A Verse for When… You’re Trying to Please People

It can be so hard to discount the opinions of others. I, for one, have spent way too much time and energy worried about what people think of me. There was a season at my workplace where gossip was a serious issue. So many people’s names were on the lips of others, and it led to a toxic environment. If you weren’t one of the gossipers, you were worried about what was being said about you. …which you would later find out through a different gossiper who brought the news back to you. …which then you gossiped together about. It was honestly a painful and anxiety-ridden cycle that was difficult to escape.

During this time period, I initially let myself get sucked right in. And in the process, I gave away some of my power. To who? Well, to the people who were talking about me, of course! I found myself constantly worrying about what they would think or say of the well-intentioned choices I was making. I avoided interacting with them because it made my insides tense up, and it seemed easier to just keep a safe and friendly distance. While everybody was kind to one another’s faces, beneath the surface, unrest and unkindness were in control.

Eventually, God helped me realize that other people’s opinions of me are their business, not mine. As hard as I might try to have my fingers on everything, I can only control myself. Sure, I can do and say things that hopefully allow my coworkers to see tiny bits of Jesus in me as I try to shine His light in the world, but I cannot climb inside a person’s brain to direct her specific thoughts. And, honestly, that sounds like a losing battle to fight!

What is in the realm of my control? I can follow Jesus and imitate Him as best I can. Then? I can trust Him to protect my reputation like only He can. When I finally learned to embrace this reality, I felt a weight lifted off my shoulders. It was so freeing! I could be myself and enjoy my days, deliberately choosing to not give other people power over my emotions. Instead of grasping for control over the thoughts inside someone else’s brain, I surrendered that worry to God. …and with that no longer on my plate, I increased my own capacity for joy, peace and pure zest for life.

Whenever I’m tempted to revert back to worrying about someone else’s opinion of me, this verse from Galatians comes in clutch: 

Am I now trying to win the approval of human beings, or of God? Or am I trying to please people?
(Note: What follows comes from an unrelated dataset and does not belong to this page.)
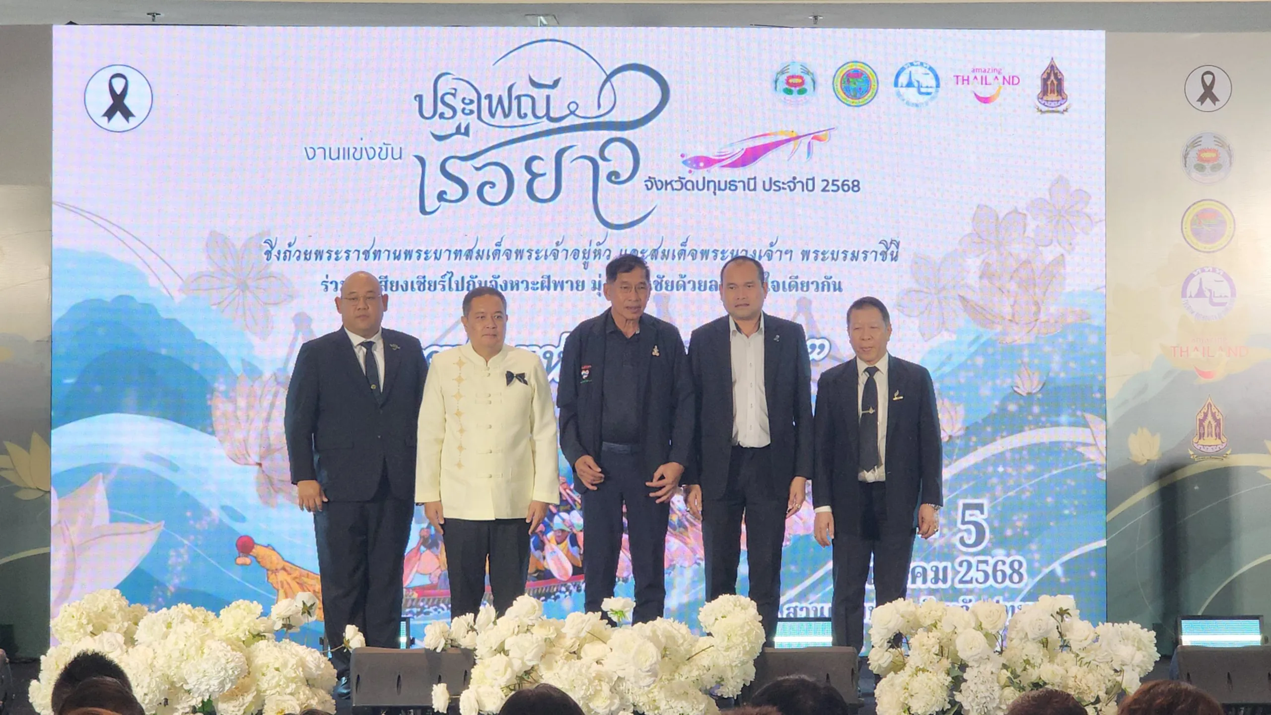เมื่อเวลา 13.30 น. วันที่ 21 พฤศจิกายน 2568 บริเวณลาน ZPELL ชั้น G ศูนย์การค้าฟิวเจอร์พาร์ค รังสิต นายเอกวิทย์ มีเพียร ผู้ว่าราชการจังหวัดปทุมธานี พร้อมด้วย พลตำรวจโท คำรณวิทย์ ธูปกระจ่าง นายกองค์การ บริหารส่วนจังหวัดปทุมธานี นายสหรัฐ  โพธิโต รองผู้อำนวยการ สำนักงานการท่องเที่ยวแห่งประเทศไทย (ททท.) และ ร.ต.อ.ดร.ตรีลุพธ์ ธูปกระจ่าง นายกเทศมนตรีนครรังสิต ร่วมกันแถลงข่าว การจัดงานแข่งขัน เรือยาวประเพณี จังหวัดปทุมธานี ประจำปี 2568 สายน้ำ แห่งความภักดี ชิงถ้วยพระราชทาน พระบาทสมเด็จพระเจ้าอยู่หัว และ สมเด็จพระนางเจ้าฯ พระบรมราชินี ในวันที่ 3 – 5 ธันวาคม  ณ ริมแม่น้ำเจ้าพระยา สวนเทพปทุม อำเภอเมืองปทุมธานี จังหวัดปทุมธานี
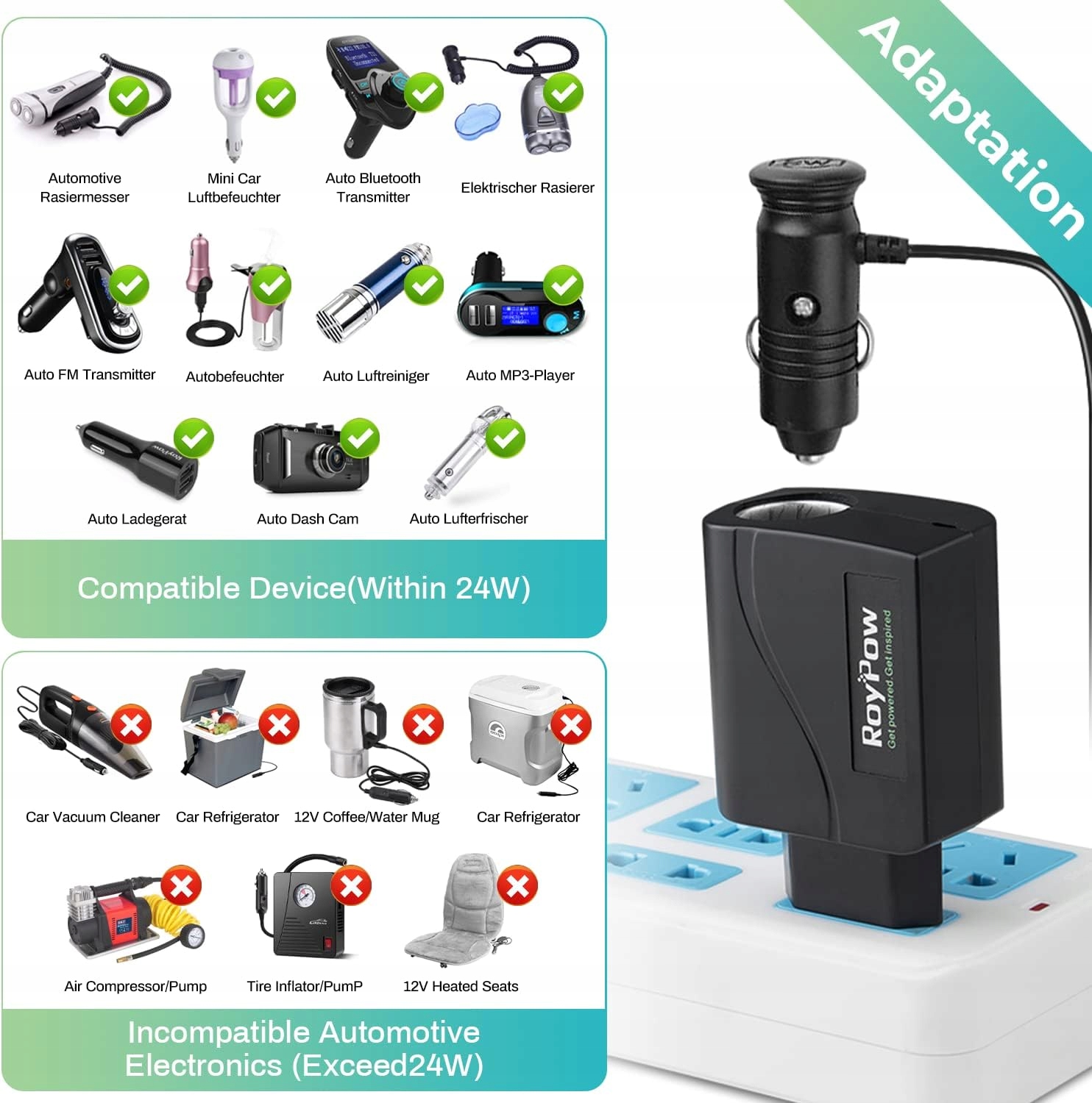 Выход 12 В 2 A соответствует большинству электронных устройств с низким содержанием мощности, таких как автомобильная камера, DVR -рекордер, MP3 -автомобиль, FM Bluetooth FM -передатчик, очиститель воздуха, увлажнитель воздуха, автомобильный телефон, автомобильное бритву, автомобильное зарядное устройство и т. Д.

If I were still trying to please people, I would not be a servant of Christ. -Galatians 1:10

Such a powerful point made so plainly! Whose approval am I trying to win? A person’s or God’s? If I spend my days trying to please people, then I am focused on them, serving them, tied to them and intertwined with them. On the other hand, if I spend my days trying to please God, then I am focused on Him! Serving Him! Tied to Him! Intertwined with Him! The choice seems pretty clear. 

This verse could be helpful for you in other situations, too. For example, I’ve had times when God has called me to do something that I’ve struggled to find the courage to do. Running through my mind are questions like, What will my friends think? How will so-and-so react to that? Will they think I’m crazy or weird? In situations like these, the same verse might be the perfect reminder and motivation. 
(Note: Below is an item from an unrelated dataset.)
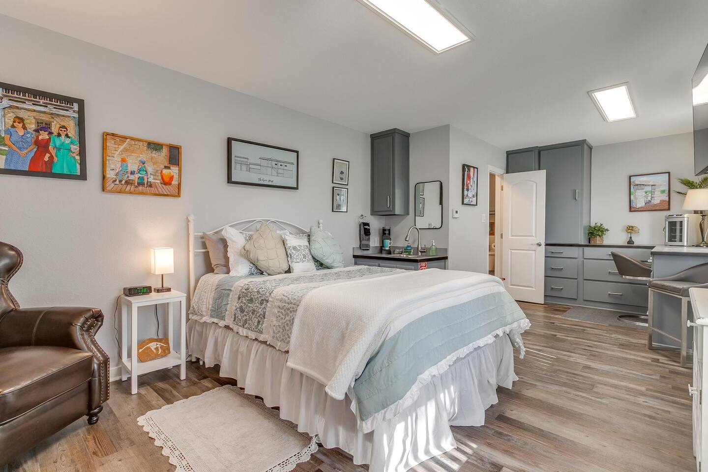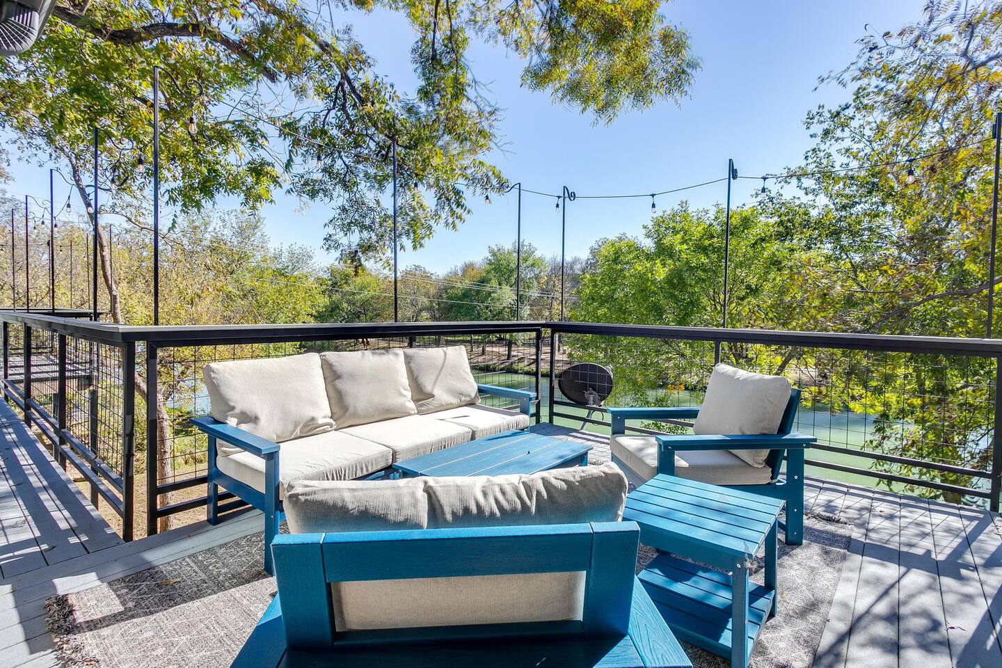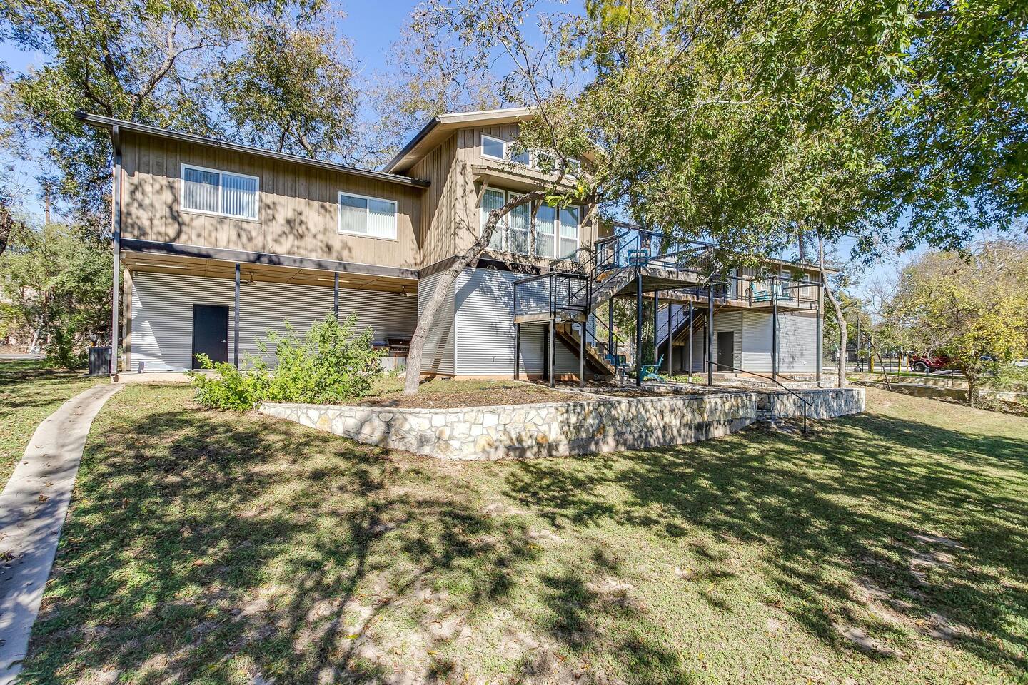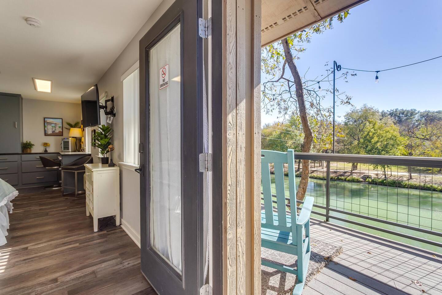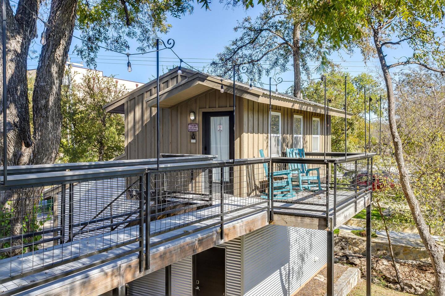 This unique home features two connected dwellings, joined by a scenic upstairs walkway, offering the perfect blend of privacy and shared space—ideal for families, couples, or friends traveling together. Main Living Space Highlights: • Two serene bedrooms, both with stunning views of the tranquil Paluxy River • Fully stocked kitchen—everything you need to cook at home • Keurig coffee maker with complimentary pods for your morning brew • Cozy living room with a 65-inch Smart TV—perfect for movie nights • Fun games for a relaxed evening in • Primary bedroom with a plush king bed, smart TV, and large walk-in closet • Spa-like primary en-suite bathroom with dual shower heads • Second bedroom with a comfortable queen bed and dedicated workspace • Second full bathroom with a relaxing bathtub Highlights of the Second Dwelling – “The Casita”: • Inviting queen-size bed for restful nights • Smart TV for streaming your favorites • Keurig coffee maker with pods for convenience • Private workspace—ideal for remote work or writing with a view • En-suite bathroom with a sleek walk-in shower • Private balcony overlooking the river—your own peaceful escape Outdoor Amenities: • Private access to the beautiful Paluxy River • Great fishing right from the backyard • Float and unwind with two provided innertubes • Cornhole for a little friendly competition • Wood-burning fire pit—first bundle of firewood included! • Outdoor kitchen with propane grill and sink for riverside meals • Picnic table perfect for alfresco dining • Balcony with outdoor seating to soak in the views and fresh air
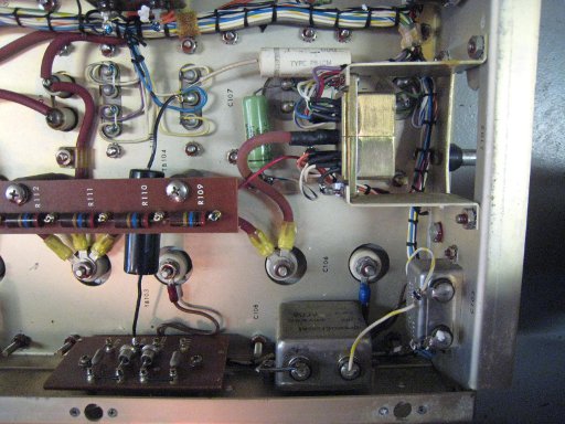 This mod was performed in different ways in the three units. In two of them, a 0.1uF 1000V Black Beauty (below the terminal board, left center in the photo) was used. In this particular unit, unlike the other two, a 2nd 0.1uF capacitor (the white unit a the upper right center of the photo) was installed. Belt and suspenders..?

Am I now trying to win the approval of human beings, or of God? Or am I trying to please people? If I were still trying to please people, I would not be a servant of Christ. -Galatians 1:10

Has God given you a command that is scary? Are you worried about what your friends or family members might think or say as they watch you follow after His call? If the Holy Spirit has convicted you in such a way that you know deep down in your heart that it’s time to take a step of faith, you must be obedient. You must go for it! Especially if your worries about what others might think or say are the main thing holding you back, LET THEM GO. You are not meant to be a servant of people. You were made to glorify and serve God. His opinion is the only one that really matters. When you reach your earthly finish line, it will not be your friends and family standing in front of you to evaluate your life’s decision and actions. It will be the Lord! Belief in Him as Savior assures you of the promise of eternal life, so He will not assess your life and kick you out of eternity. However, He will still take stock of the gifts and instructions He entrusted you with and see what you did with them. 
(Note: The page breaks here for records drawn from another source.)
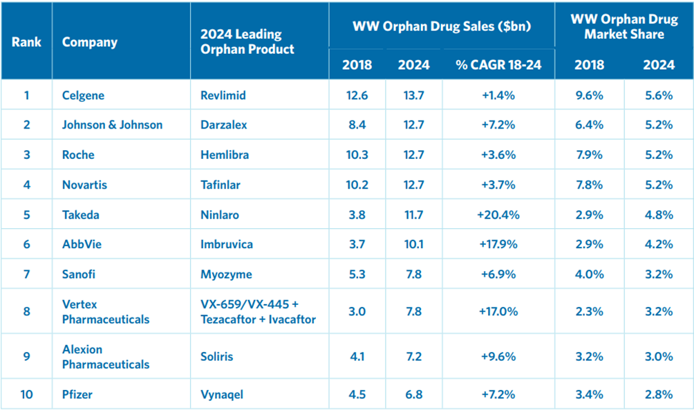 表1. 全球孤儿药10强及其领导产品(2018-2024)
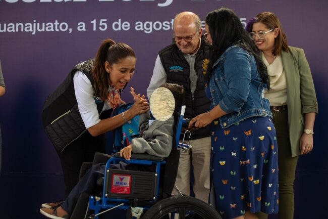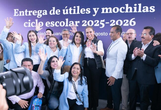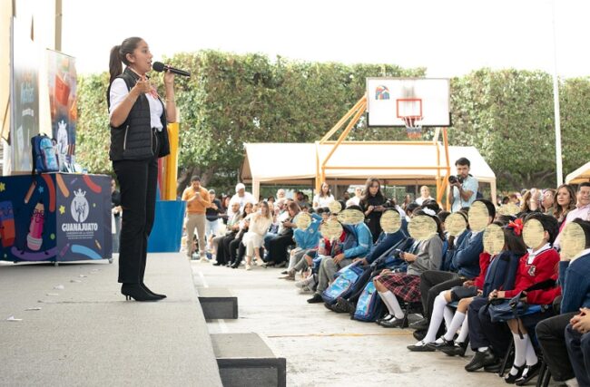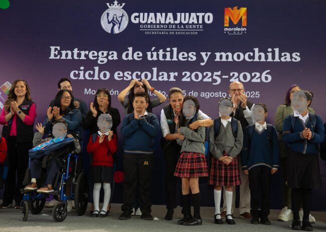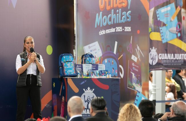“En Guanajuato queremos que nuestras niñas y niños estén en las aulas, que sigan estudiando. Hoy los quiero invitar, papás, mamas, a que hagamos equipo por la educación de nuestras hijas e hijos”, dijo la Gobernadora de la Gente, Libia Dennise García Muñoz Ledo, al entregar mochilas y útiles escolares a estudiantes para el Ciclo Escolar 2025-2026.
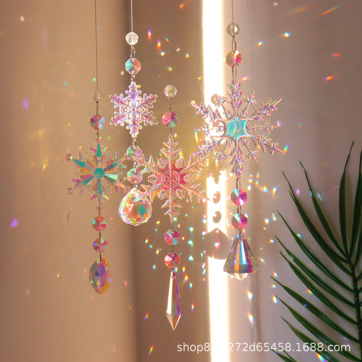 βοΈ Crystal snowflake center with rainbow suncatcher beads
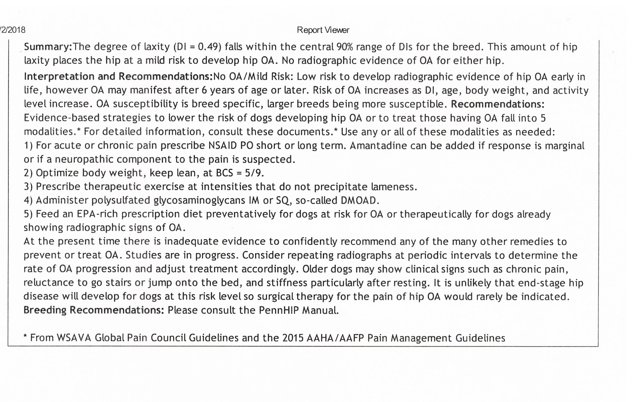 1. What is the mates rating? PennHip uses ratings such as Low, Mild, Moderate, or High Risk. Low Risk is definitely desired. In my viewpoint; if a Mild risk result, one should mate to a Low Risk, nothing in a Mild to Mild mating unless on the opposite spectrum of it. No mating should occur with moderate risk stock. This is my viewpoint. In my program I work with Mild to Low Risk ratings. Matching low with mild the best I can to help balance.

Bottom line? Let whoever think whatever. The only opinion that matters is God’s. If you tried to please everyone every day, you would live life in a state of exhaustion and discouragement. It’s literally impossible to make everybody happy all the time! If that’s your goal, you’re asking for stress and struggle. You’re also choosing to let other people control your emotions and your peace. Instead, release the opinions of others to God. Trust that He is in control and will take care of you. Choose to wonder what He will think or say about what you’re doing. With that as your primary motivation, you surely cannot go wrong. 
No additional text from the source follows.